Kilka dni temu spotkałem na Placu Piłsudskiego grupkę kibiców świętujących zdobycie przez piłkarzy Legii mistrzowskiego tytułu.
I genius loci przywiódł mi na myśl scenę z “Kordiana”.
Plac Saski. Kordian oskarżony o próbę zamachu na cara może ocalić życie jeśli zaspokoi kaprys wielkiego księcia Konstantego.
”Mówiłem o Polakach, że chłopy szalone, gotowi z królewskiego zamku w Wisłę skoczyć… Skacz! Bo każę cię w lochy Karmelitów wtłoczyć! … No, Lachu! Jeśli żywy przeskoczysz bagnety, to daruję ci życie(…) Car ujrzy, jak mój żołnierz nad Moskale lotny(…) Ha! Przeskoczył!”

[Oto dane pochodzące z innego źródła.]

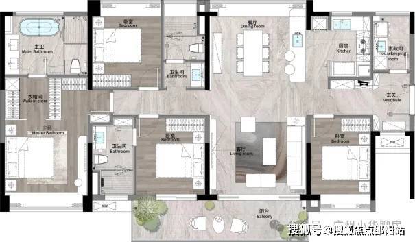 ——全家人的阳光SPA三面采光,光照时间无限延长,生活更敞亮;——跑道式阳台,不受空间拘束约7.7米超长阳台,在家就能打高尔夫;——奢阔主卧套房,二人世界的浪漫天地约34.7m²五星级超大主卧,洗浴-更衣-赏夜-入眠尊崇生活;
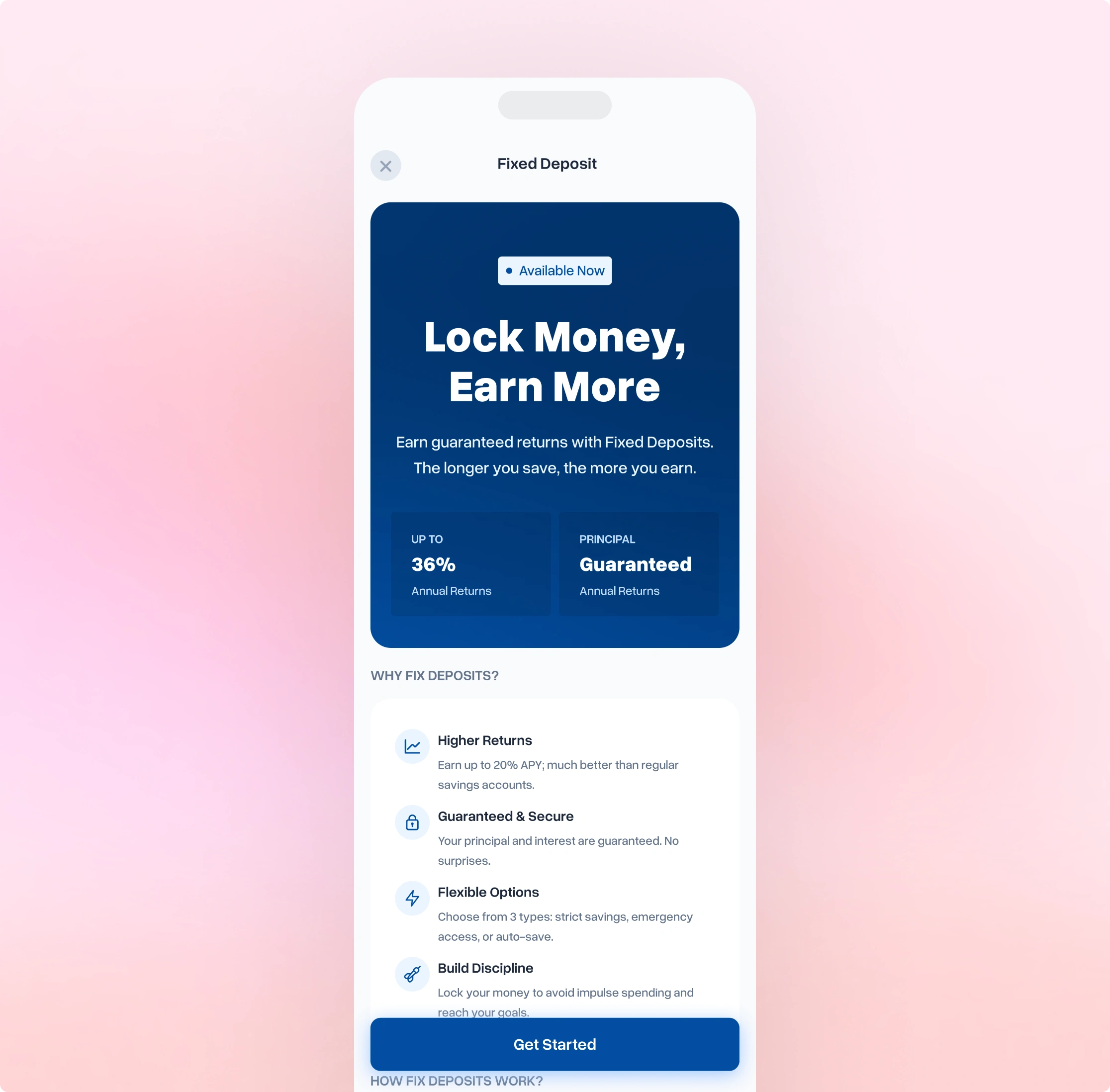 Total Lock, Variable Lock, Spending Control were mechanism-first names that described what the product does to money, not what it does for users. Renaming them in design review felt overdue. This conversation should happen at brief stage, with the designer at the table, not as a late-stage copy polish.
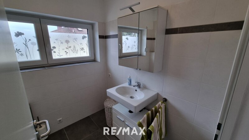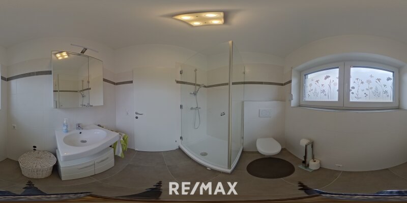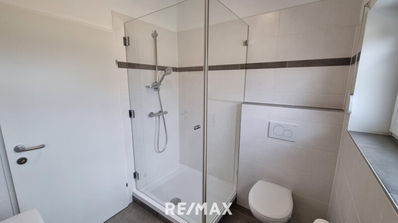 Badezimmer: Über eine separate Tür gelangen Sie in das helle Badezimmer, welches mit einer geräumigen Dusche und modernen Armaturen
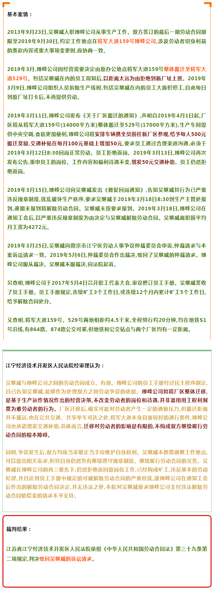 案例要旨:用人單位整體搬遷導致勞動者工作地點變更、通勤時間延長的,是否屬于《中華人民共和國勞動合同法》第四十條第三項規定的“勞動合同訂立時所依據的客觀情況發生重大變化,致使勞動合同無法履行”的情形,需要考量搬遷距離遠近、通勤便利程度,結合用人單位是否提供交通工具、是否調整出勤時間、是否增加交通補貼等因素,綜合評判工作地點的變更是否給勞動者的工作和生活帶來嚴重不便并足以影響勞動合同的履行。如果用人單位已經采取適當措施降低了搬遷對勞動者的不利影響,搬遷行為不足以導致勞動合同無法履行的,勞動者不得以此為由拒J提供勞動。
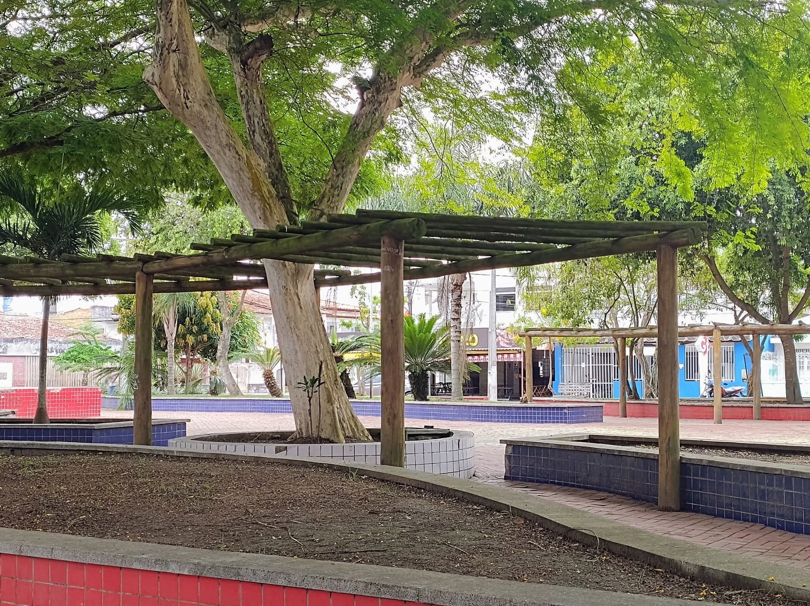 Tem caramanchão pelado no centro da Feira, tá pelado o de Candeia Grossa, onde quer que a Prefeitura faça uma praça eles estão no projeto. Mas sem trepadeira, sem sombra.
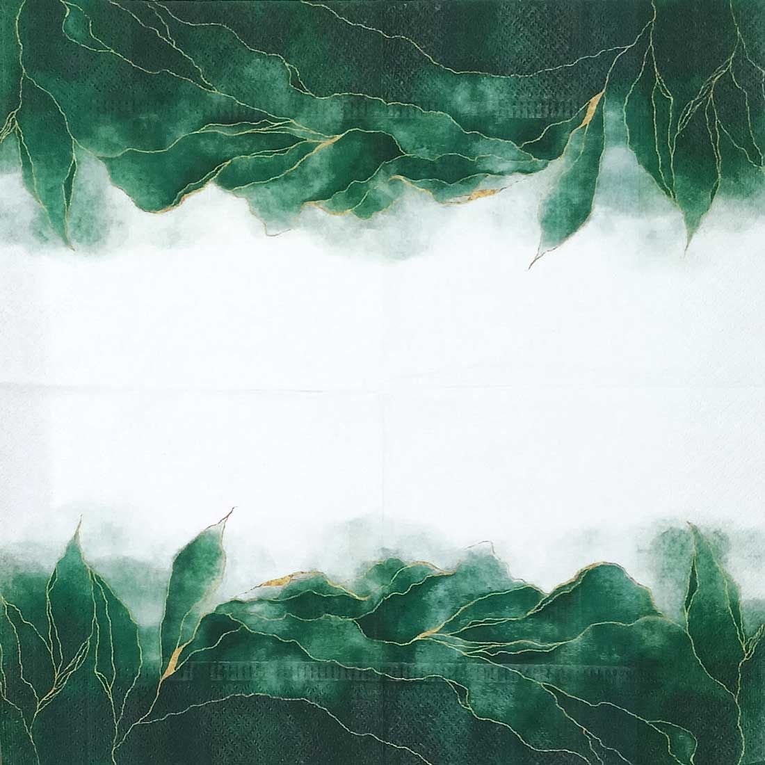 Bring the tranquility of nature to your crafts with our “Green Dream” decoupage tissue paper. The design features a beautiful watercolor effect with lush, deep green foliage and delicate gold outlines. The pattern creates a serene, layered look with a white space in the middle.
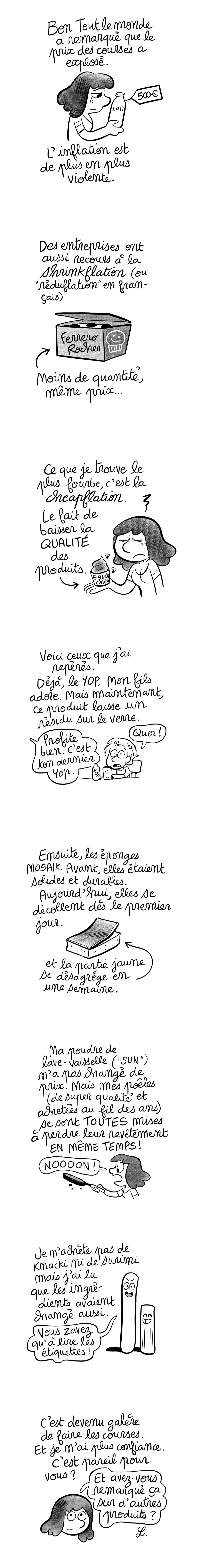même constat sur les éponges, le produit vaisselle et les yaourts laitière. je me disais que c'était moi mais en fait non... édifiant.
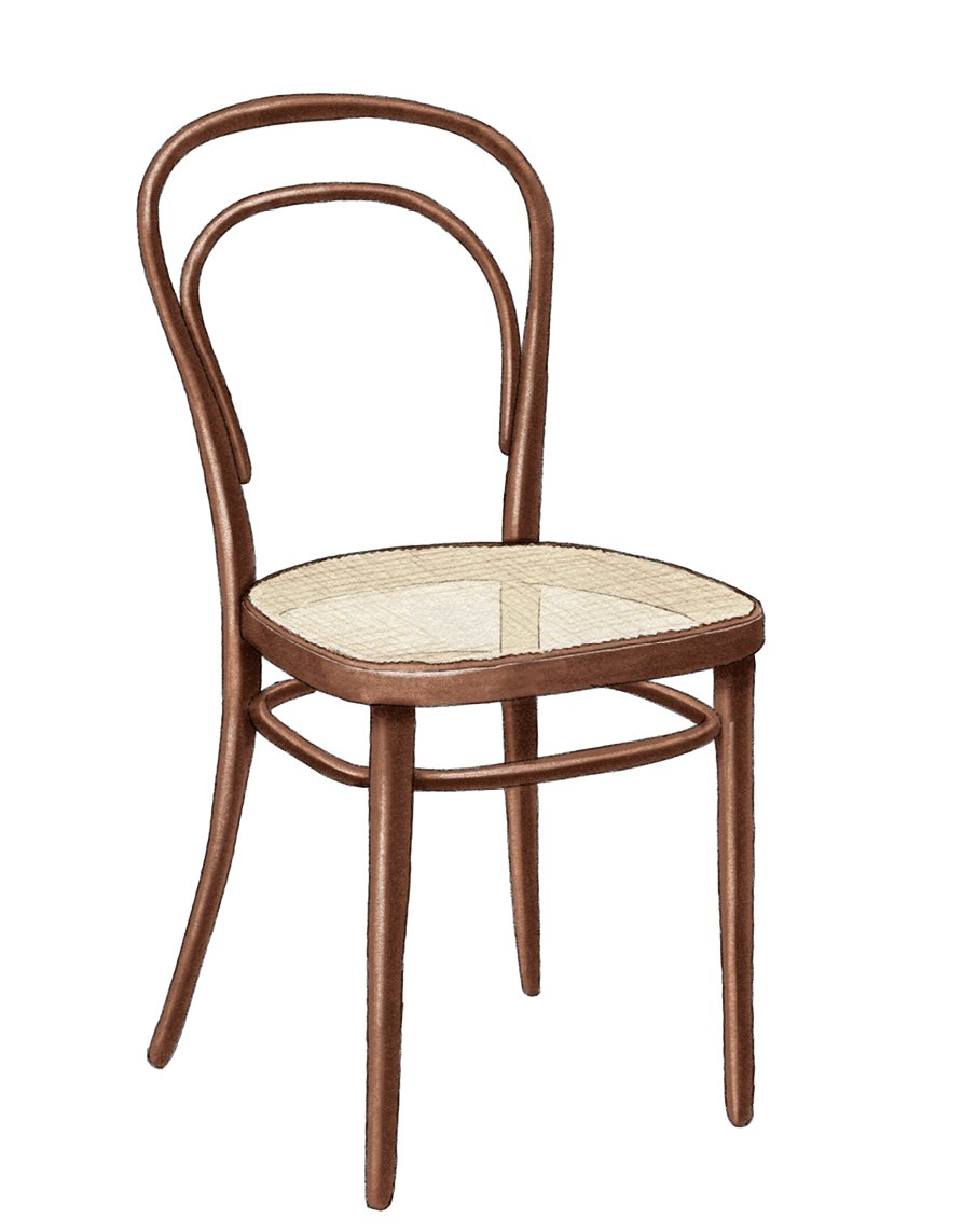 無垢材を蒸気で曲げるという技術を生み出したトーネットの代表作。当初は「No.14」と呼ばれ、わずか6つの部材だけで構成されている。製作段階では各部材ごとに加工し、販売店または購入者が組み立てるという「ノックダウン方式」を普及させた点でも、現代のデザインに多大な影響を及ぼした。軽量で大量生産に適し、輸送コストまで計算され尽くした曲木椅子は、この時代まで上流階級向けが主流だった家具の様式を一変させていった。
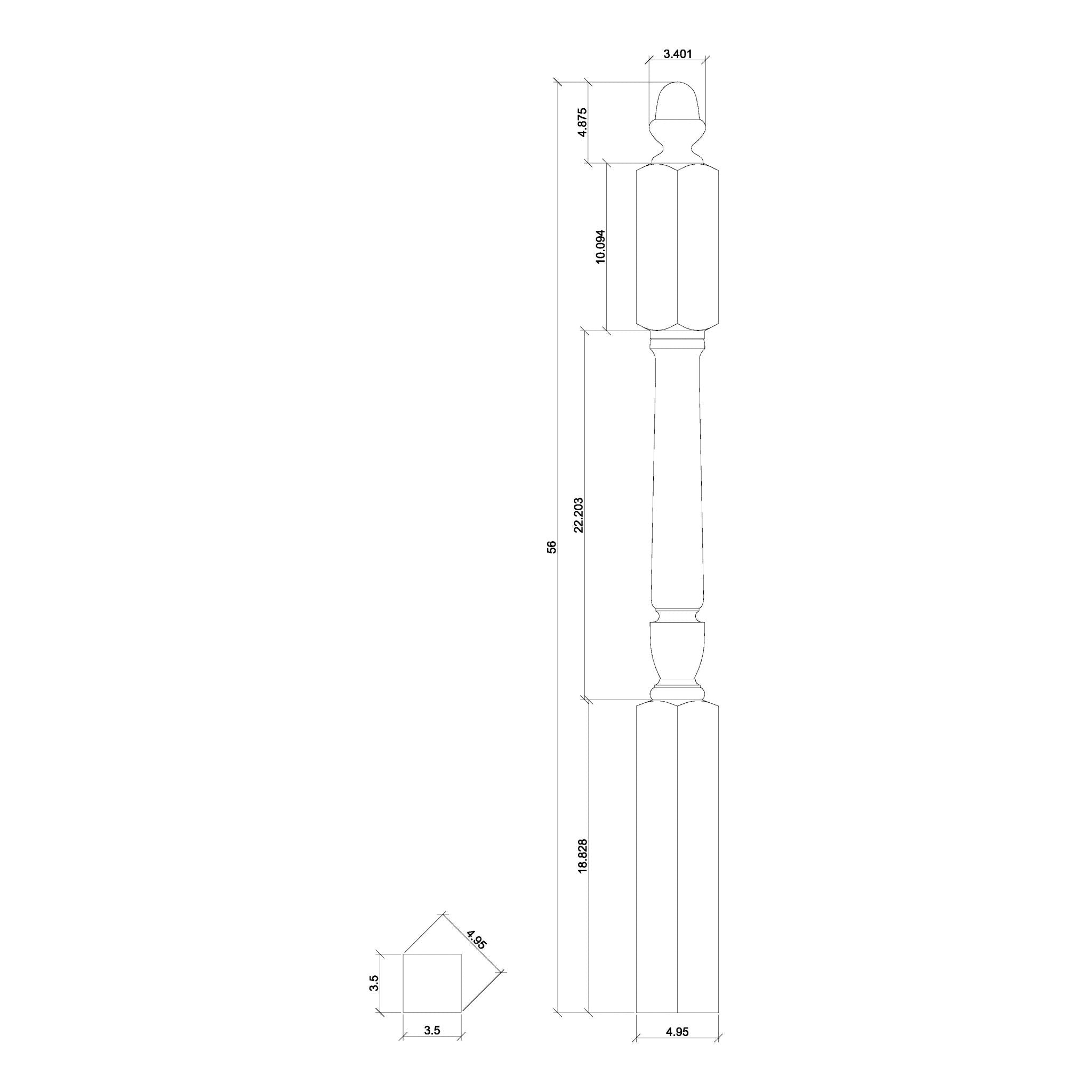H3030 - Bunker Hill 3-1/2" x 48" 3030 Turned Newel w/ Acorn Top
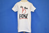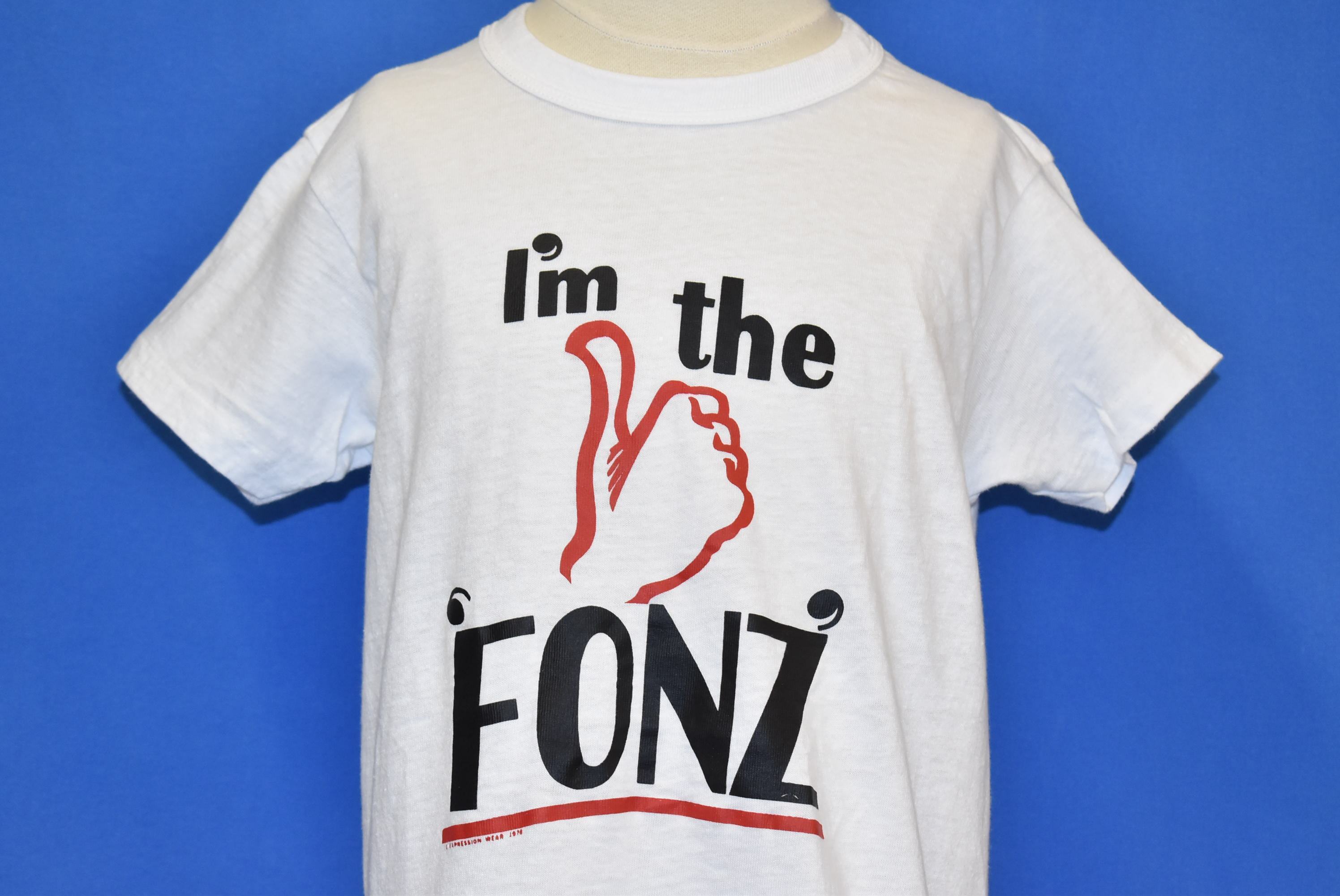 This vintage tee features an awesome reference from the 70s sitcom Happy Days. The graphic shows a "thumbs up" illustration with the catchphrase "I'm the Fonz." Arthur Herbert Fonzarelli (played by Henry Winkler) was the secondary character on the show but quickly became the lead as his popularity surpassed the other characters.
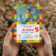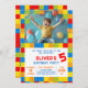 Mit diesem Kids Gebäude Block Geburtstagseinladung zum Spaß! Dieses Design mit einer lebhaften Blockgrenze, fröhlichen Ballons und einem erfreulichen Kind, das vor Freude hüpft, ist ideal für ein kreatives und abenteuerliches Party. Ideal für eine Themenfeier mit einem Gebäude, ist es vollständig anpassbar, um Ihren besonderen Tag unvergesslich zu machen!
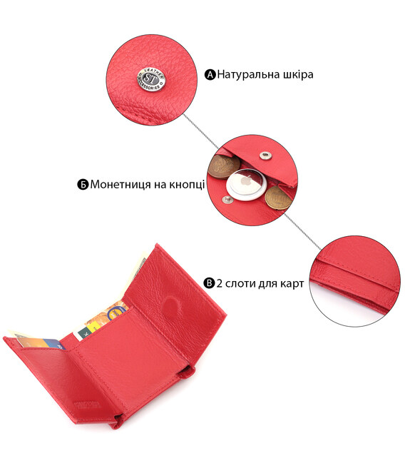 Детальніше Компактне жіноче портмоне з монетницею із натуральної шкіри ST Leather 22729 Червоний
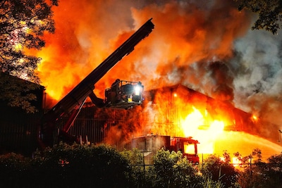 Grote uitslaande brand in loods
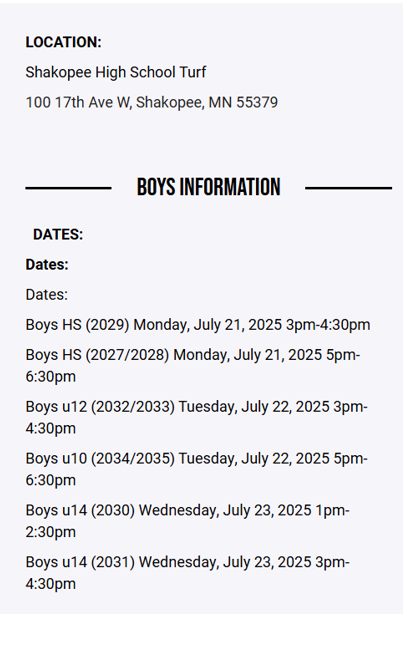 Boys and Girls tryouts for the 2025-2026 MN Chill seasons will be on Tuesday, August 5 & Wednesday, August 6, 2025. Locations/Times are listed below!
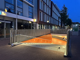RVS leuningen met geïntegreerde LED-verlichting zorgen voor een veilige en heldere entree aan het Houtplein. |
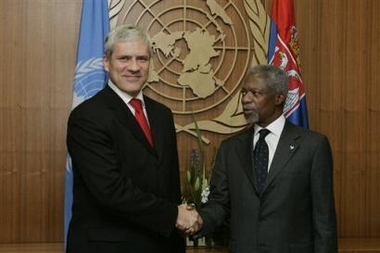 Boris Tadic, left, shakes hands with United Nations Secretary-General Kofi

A car, łaskawe panisko, z fałszywym uznaniem kiwa głową. I rzuca półgębkiem na stronie swym generałom: “Złożyć sąd wojenny, godził na moje życie… Rozstrzelać…”
Car czuł pismo nosem. Sportowe sukcesy jako stymulacja nastrojów społecznych. 200 lat temu w zniewolonym kraju heros frunący nad stosem bagnetów, mógł poprowadzić lud na barykady. Także dzisiaj osiągnięcia sportowe stanowią wartość dodaną do i tak wysokiego poziomu optymizmu Polaków. Tymczasem totalnej opozycji potrzebna jest jakaś smuta, wpędzanie populacji w ponury nastrój. Generatory Rzeczywistości Urojonej dwoją się i troją, by podrasować grozę pandemii. W ich przekazach kraj zalewa fala ksenofobii, rasizmu i antysemityzmu. O unicestwieniu wymiaru sprawiedliwości szkoda gadać… Europa da nam wkrótce popalić, że się nie pozbieramy.
Tymczasem igrzyska w Tokio wniosłyby do zatęchłej atmosfery nad Wisłą odrobinę świeżości i optymizmu, potrzebnych opozycji jak świni rogi. Ich brak to jeszcze jeden pożytek z pandemii.
 
Sekator
 
Ps.

- Ja już to kiedyś czytałem - mruczy mój komputer.
- Bo ja już kiedyś we fragmentach to napisałem - przyznaję bez bicia. - Ale jeśli wszyscy od dawna powtarzają w kółko to samo, ja też czasami mogę.